Nye Bevan (second from left) was the brains behind the original National Health Service (Trafford Healthcare NHS/PA Wire)

But every time the Tories get into power they chip away at this great institution. The way the Tories have run the health service in England should send shivers up and down Scottish spines –and convince any waverers that they should never get their hands on power at Holyrood.

Under Tory PM David Cameron’s Health and Social Care Act of 2012 in England there has been intense pressure brought to bear on NHS trusts to outsource services the state provides to “for profit” providers.

One NHS hospital, Hinchingbrook in Cambridgeshire, was placed in the hands of a private provider that same year, although the contract was handed back in 2015 because the company could not keep up with demand.

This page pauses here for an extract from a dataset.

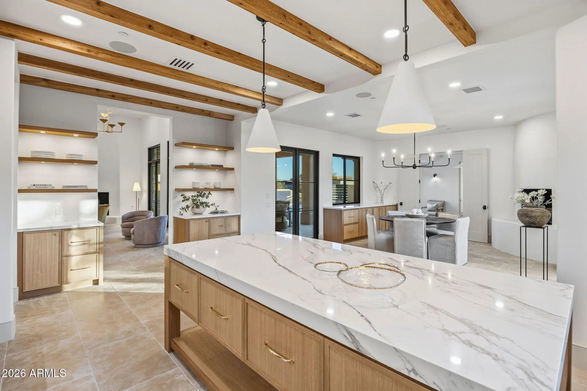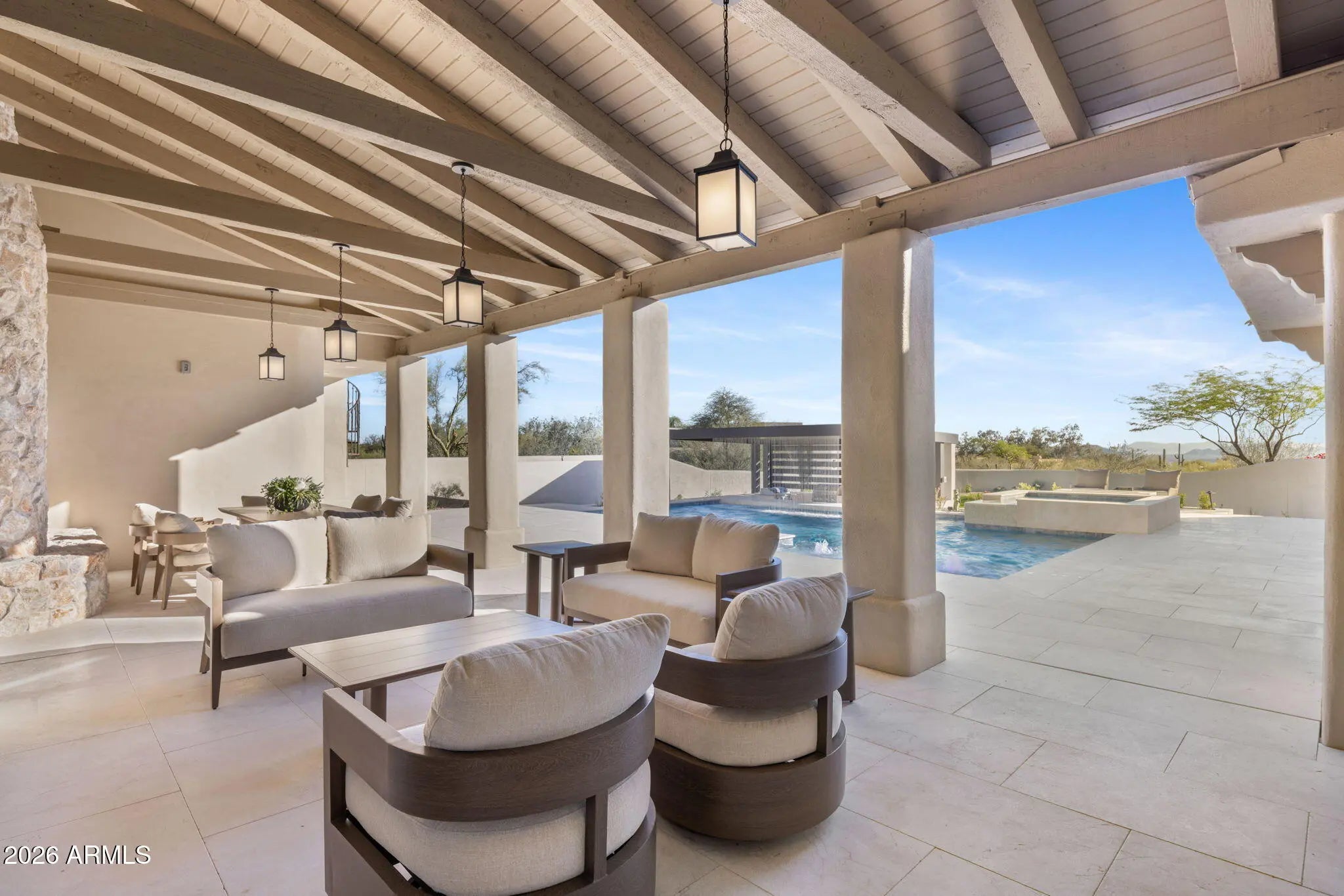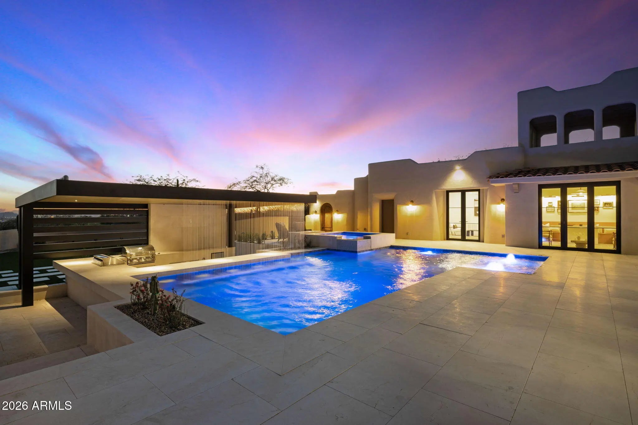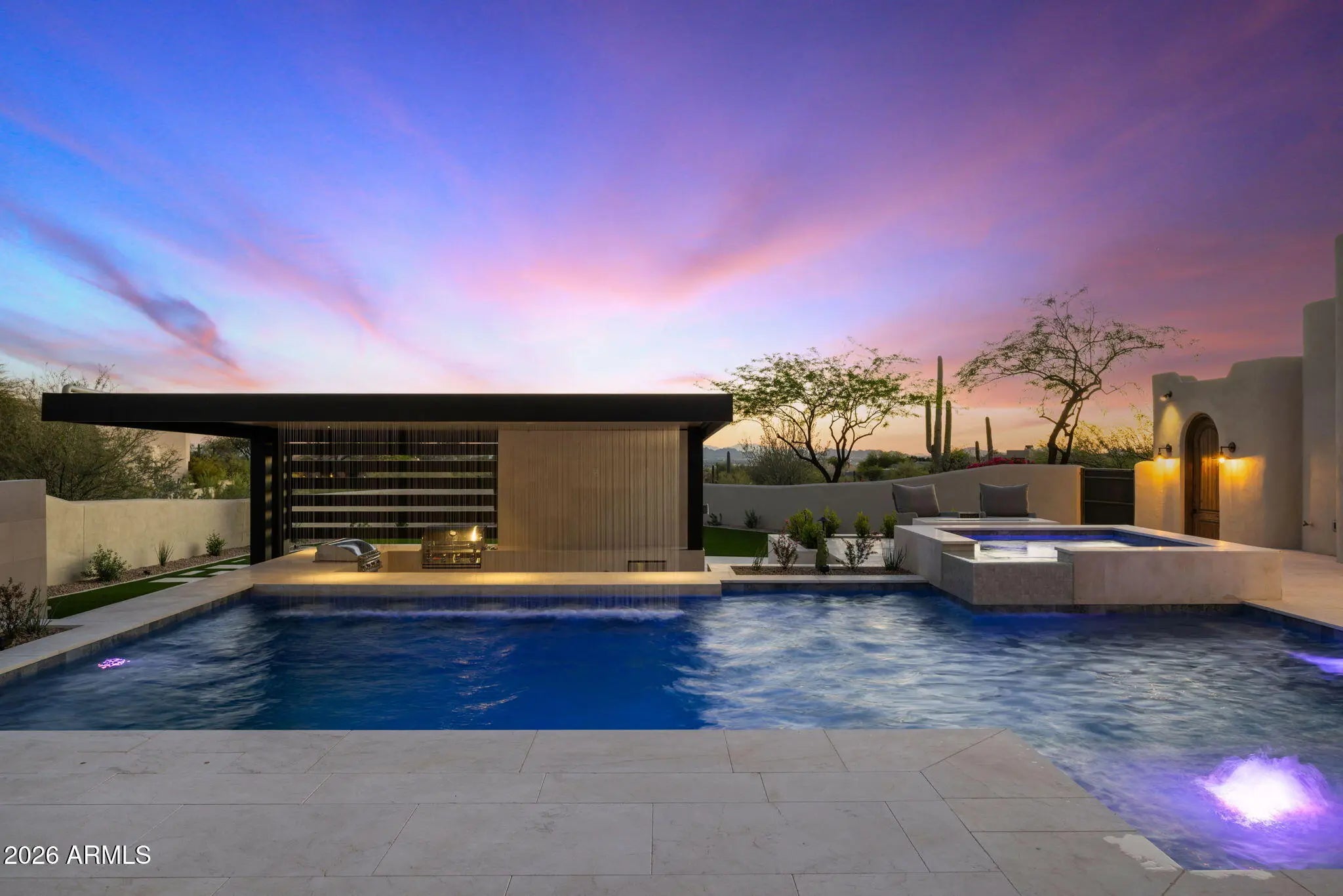 Two years in the making and finally arriving, this is the kind of property buyers wait for--and rarely see come to market. Perched on nearly two acres in the highly desirable Pinnacle Peak Vistas of North Scottsdale, one of the most sought-after areas in the Valley today, with unobstructed mountain and city light views, this one-of-a-kind residence has been completely transformed through a collaborative effort between an architectural team and interior designer--resulting in a true organic modern showpiece where every detail was intentionally crafted. Taken down to the studs, the home features all-new systems, high-performance doors and windows, natural stone flooring, and custom white oak cabinetry throughout. The interiors are anchored by a refined, cohesive material palette... ...with sculptural fireplaces finished in limewashed Venetian plaster and thoughtfully curated textures that create warmth and depth. The chef's kitchen is outfitted with professional-grade Sub-Zero, Wolf, and Cove appliances, complemented by Rejuvenation hardware in uncoated burnished brass designed to develop a rich patina over time. The expansive primary suite offers a true retreat with a spa-quality bathroom featuring elevated finishes and premium fixtures, while the secondary spaces continue the same level of design with designer tile and high-end materials throughout. A curated lighting package enhances each space, creating a layered and elevated living experience. The outdoor living is a true showpiece, completely redesigned to match the level of the interior. Enjoy a resort-style pool and spa, sunken swim-up bar, and a covered pergola lounge with a cascading waterfall feature. A brand-new elevated party deck captures sweeping panoramic views of the desert, mountains, and city lights--creating an unforgettable setting for entertaining. Ideally located in Pinnacle Peak Vistas, the property offers convenient access to world-class golf at Troon North, Grayhawk, and TPC Scottsdale--home of the renowned Waste Management Phoenix Open. Just minutes away, you'll find upscale dining, shopping, and entertainment at Kierland Commons, Scottsdale Quarter, and Market Street at DC Ranch, along with hiking at Pinnacle Peak and year-round events that define the Scottsdale lifestyle. All of this with remarkably low HOA dues of just $400 annually--an uncommon advantage for a luxury North Scottsdale community. Two years in the making and now finally complete, this is more than just a home--it's a statement. A rare, architecturally driven North Scottsdale estate designed to impress, built for entertaining, and nearly impossible to replicate.

Another private company was stripped of its contract after four days because there were so many complications after the eye surgeries they were providing at a hospital in Somerset. But make no mistake, that is a flavour of things to come if the Tories get their way north of the Border.

Between 2013 and 2020, £11.5billion was handed to private companies to provide NHS services by the UK Government – with a massive chunk going to line the pockets of fatcats from abroad whose interest in the health of the UK is purely financial.

If this Tory mob were ever to get a sniff of power at Holyrood, the slow march of NHS privatisation would begin here too. However, the current state of our devolved NHS in Scotland can only be partly blamed on decades of Tory austerity.

Under David Cameron the NHS in England was dismantled for private gain (Dan Kitwood - WPA Pool/Getty Images)

Successive SNP health secretaries have also failed to get a grip on the growing crisis in our hospitals. One in seven Scots are languishing on waiting lists, often in pain and without any notion of when their conditions will be treated.

Our sickest people are having to wait hours beyond what is safe at A&E with many stuck in the back of ambulances with no room for them in hospital. Delayed discharges are worsening, while the numbers having their operations cancelled has risen by almost a quarter in a single month.

Add to this the failures in cancer treatment waiting times – currently at their worst level since records began. Then the continued breach of treatment time guarantees, where every patient who is judged to need treatment will begin it within 12 weeks.

The chaos and failure within the NHS in Scotland predated the corona outbreak – and requires radical thinking to put it right. The Scottish Government has made much of the fact that the tax system in Scotland is more progressive than the rest of the UK – meaning those on middle and high incomes pay more.

The Daily Record supports a fairer tax system – but we have been dismayed at the millions wasted on the doomed bottle deposit scheme, the ferry scandal, the failed Rangers prosecution payouts and many more less headline grabbing examples of money down the drain.

Successive SNP health secretaries – including Humza Yousaf – have failed to halt issues (Jane Barlow/PA Wire)

If we want an NHS that is fit for another 75 years, let’s see all of that extra tax take going into our hospitals and frontline health services. Not to line the pockets of profiteers or health board bureaucrats but to make our health service the best in the world – a boast we often hear but that rings increasingly hollow.

Now it is time for progressive political leaders – whether that is Labour at Westminster or the SNP at Holyrood – to pull on their gloves, get in the ring and fight like fury for our NHS. Only then will our health service be assured of another 75 years saving lives and helping us all when we are at our most vulnerable.